All'uomo - che, dopo anni di violenze, aveva ucciso la moglie con 10 coltellate nella casa della suocera davanti al figlio di appena 3 anni per aver scoperto una presunta relazione extraconiugale della donna esasperata dai continui maltrattamenti - non sono state riconosciute le condizioni per applicare le attenuanti della cosiddetta "tempesta emotiva", l'ordinamento giurisprudenziale che mira a ridurre le pene nel caso in cui venga riconosciuto il ruolo provocatore dell'ambiente circostante e rischia quindi ancora l'ergastolo.
«Nei commenti dei più – scrive però Anna De Vanna - la frase abusata: "giustizia è fatta". Nei miei dolenti pensieri sulla tragedia, una domanda: "È questa una giustizia giusta?". Sul piano processuale, forse. Ma basterà a riparare il sentimento generale di ingiustizia di fronte ad una giovane vita spezzata così ingiustamente ? Rispetto allo strazio che ancora si legge negli occhi di una madre per la perdita della figlia? Nei confronti di innocenti bambini crudelmente strappati all'affetto e al legame materno? Evidentemente nessuna condanna, per quanto severa e giusta, potrà ripristinare il diritto alla vita e alla tenuta dei legami».
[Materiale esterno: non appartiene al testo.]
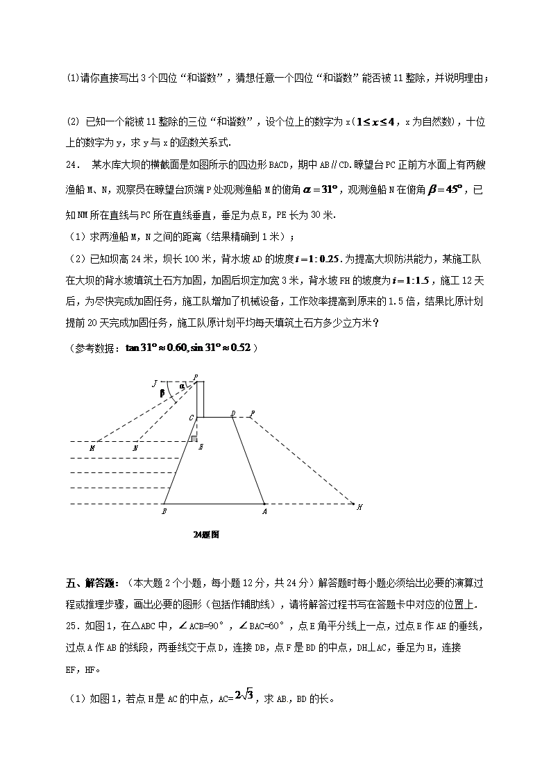 【文档名称】 2015年重庆九龙坡中考数学真题及答案A卷(Word版).doc
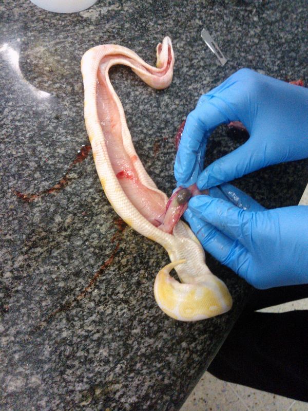 Hace un mes adquiri un piton regius albino de 6 meses. Al llegar a los 4 dias empezo con una salivacion y abrir la boca al respirar. Sin duda alguna empeze a tratar como neuomina. Manteniendo temp dia y noche 32 e inyectandole enroxoflacina. esto duro 7 dias y nunca hubo mejoria. Luego empeze con otro antibiotico amikacina y nada. Ahi decidi hace un cultivo y salio con pseudomonas y ambos antibioticos q le habia dado era sensible. pero nunca hubo mejoria solo mejoro la respiracion pero la salivacion no. luego empeze con nebulizaciones e inyectar un nuevo antibiotico ceftriaxona y nada. empeze a tratar como si fuese una estomatitis aunque no tenia lesiones aparantes solo la salivacion. le hacia lavados todos los dias con clorexidina y ps nada no hubo mejoria. Murio antier. ahora mi pregunta. Ella tenia una lesion en su columna vertebral. Esto de nacimiento. Ya por ahi habia un problema congenito. Sera q este animalito nunca mejoro por q tenia un problema degenerativo de nacimiento. Ya hice necropsia y voy a mandar sus organos al patologo a ver q me dice. Habra manera de saber si es algo congenito. Adjunto pongo fotos de ella junto a otro ejemplar para q noten la lesion en su columna y fotos del rx. Gracias espero respuestas.

La soluzione, allora, sta forse da un'altra parte. «Rispetto a questa assurda ineluttabilità – spiega la responsabile del Centro - un solo monito: siamo tutti chiamati a combattere la violenza in tutti i modi e in qualsiasi luogo si manifesti. Per noi che quotidianamente incrociamo storie drammatiche di violenza di genere, un richiamo forte a costruire sistemi di tutela rafforzati attraverso il coinvolgimento di tutte le risorse del territorio, ma soprattutto a precocizzare azioni di sensibilizzazione rivolte ai più giovani in vista di un cambiamento culturale a fondamento di una qualità più "giusta"dei legami. Perché una targa, per quanto pensata e dedicata per rispettare il dolore e tenere vivi i ricordi, segnala brutalmente un'assenza nell'intera comunità».